Press Release Details

Owens & Minor Announces Pricing of $500 Million of Senior Notes due 2029

March 3, 2021 at 5:48 PM EST

RICHMOND, Va.--(BUSINESS WIRE)--Mar. 3, 2021-- Owens & Minor, Inc. (NYSE: OMI) (the “Company”) announced today the pricing of its private offering (the “Offering”) of $500 million aggregate principal amount of its 4.500% senior notes due 2029 (the “Notes”). The Offering is expected to close on March 10, 2021. The closing of the Offering is subject to the satisfaction of customary and market conditions.

The Notes will bear interest at the rate of 4.500% per year. The Notes will mature on March 31, 2029. The Notes were offered at a price of 100% of their principal amount.

The Company intends to use the net proceeds of this Offering, together with expected borrowings under a new revolving credit facility and its amended and upsized receivables securitization facility, to fund the repurchase or repayment in full of the following outstanding debt, and to pay related fees, costs, and expenses in connection therewith: (i) outstanding borrowings under its Term B Loan (the “Term B Loan”) provided under that certain Credit Agreement dated as of July 27, 2017 (as amended, modified, extended, restated, replaced, or supplemented from time to time) among the Company, Wells Fargo Bank, N.A., JPMorgan Chase Bank, N.A., Bank of America, N.A. and a syndicate of financial institutions, including Citibank, N.A (“Existing Credit Agreement”) and (ii) outstanding borrowings under its existing revolving credit facility (the “Existing Revolving Credit Facility”) provided under the Existing Credit Agreement.

The Notes have not been registered under the Securities Act of 1933, as amended (the “Securities Act”), any state securities laws or the securities laws of any other jurisdiction, and may not be offered or sold in the United States, or for the benefit of U.S. persons, except pursuant to an applicable exemption from, or in a transaction not subject to, the registration requirements of the Securities Act and applicable state securities or blue sky laws. Accordingly, the Notes were offered only to persons reasonably believed to be “qualified institutional buyers,” as that term is defined under Rule 144A of the Securities Act, or outside the United States to non-“U.S. persons” in accordance with Regulation S under the Securities Act.

A confidential offering memorandum for the Offering of the Notes has been made available to such eligible persons. The Offering is being conducted in accordance with the terms and subject to the conditions set forth in such confidential offering memorandum.
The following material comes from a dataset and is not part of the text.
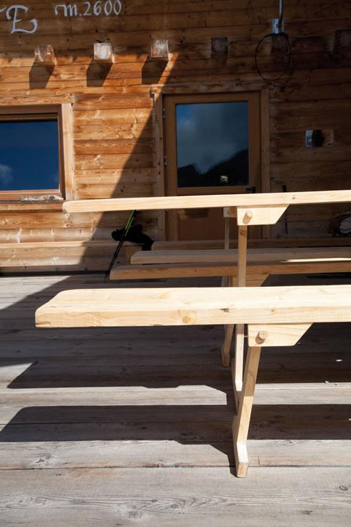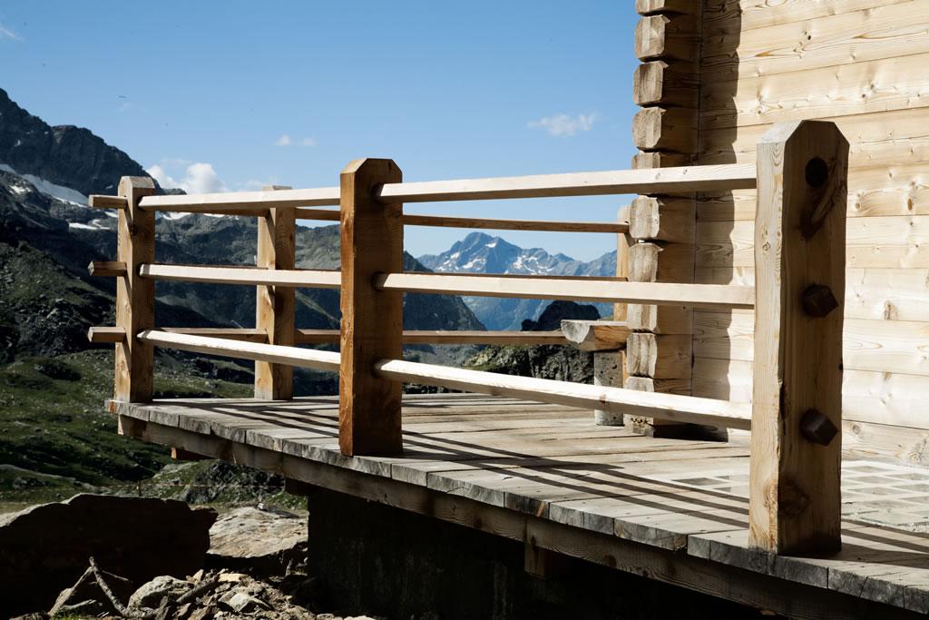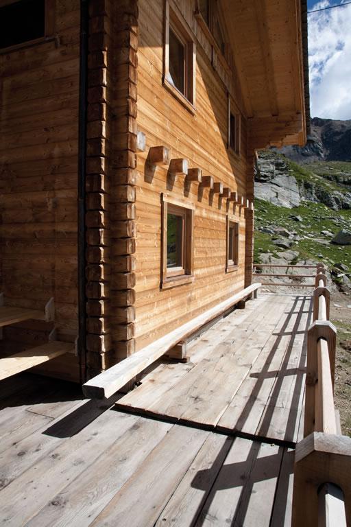 Anche solo a vederlo, il rifugio “parla” di come è stato costruito: concepito per incorporare in sé la sapienza, antica e naturale, del legno (il larice delle selve del Monte Rosa, coi suoi profumi, i suoi nodi, le sue vene che s’innervano nell’incastro a “block-bau” che regge gli spigoli del rifugio). La natura ha trovato così, nell’opera dell’uomo, la formazione di un “luogo” in cui regna il retaggio vivente della sua intrinseca sapienza.

This press release shall not constitute an offer to sell, a solicitation to buy or an offer to purchase or sell any securities. No offer, solicitation, purchase or sale will be made in any jurisdiction in which such offer, solicitation or sale would be unlawful. Any offer, or solicitation to buy, if at all, will be made only by means of a confidential offering memorandum. This press release does not constitute a notice of repayment of outstanding indebtedness under the Company’s Existing Revolving Credit Facility or a notice of repayment of its Term B Loan, and any repayment of the Term B Loan and the Existing Revolving Credit Facility will be made in accordance with the terms and conditions of the Existing Credit Agreement.

About Owens & Minor, Inc.

Owens & Minor, Inc. (NYSE: OMI) is a global healthcare solutions company that incorporates product manufacturing, distribution support and innovative technology services to deliver significant and sustained value across the breadth of the industry – from acute care to patients in their home. Aligned to its Mission of Empowering Our Customers to Advance HealthcareTM, more than 15,000 global teammates serve over 4,000 healthcare industry customers. A vertically-integrated, predominantly Americas-based footprint enables Owens & Minor to reliably supply its self-manufactured surgical and PPE products. This seamless value chain integrates with a portfolio of products representing 1,200 branded suppliers. Operating continuously since 1882 from its headquarters in Richmond, Virginia, Owens & Minor has grown into a FORTUNE 500 company with operations located across North America, Asia, Europe and Latin America.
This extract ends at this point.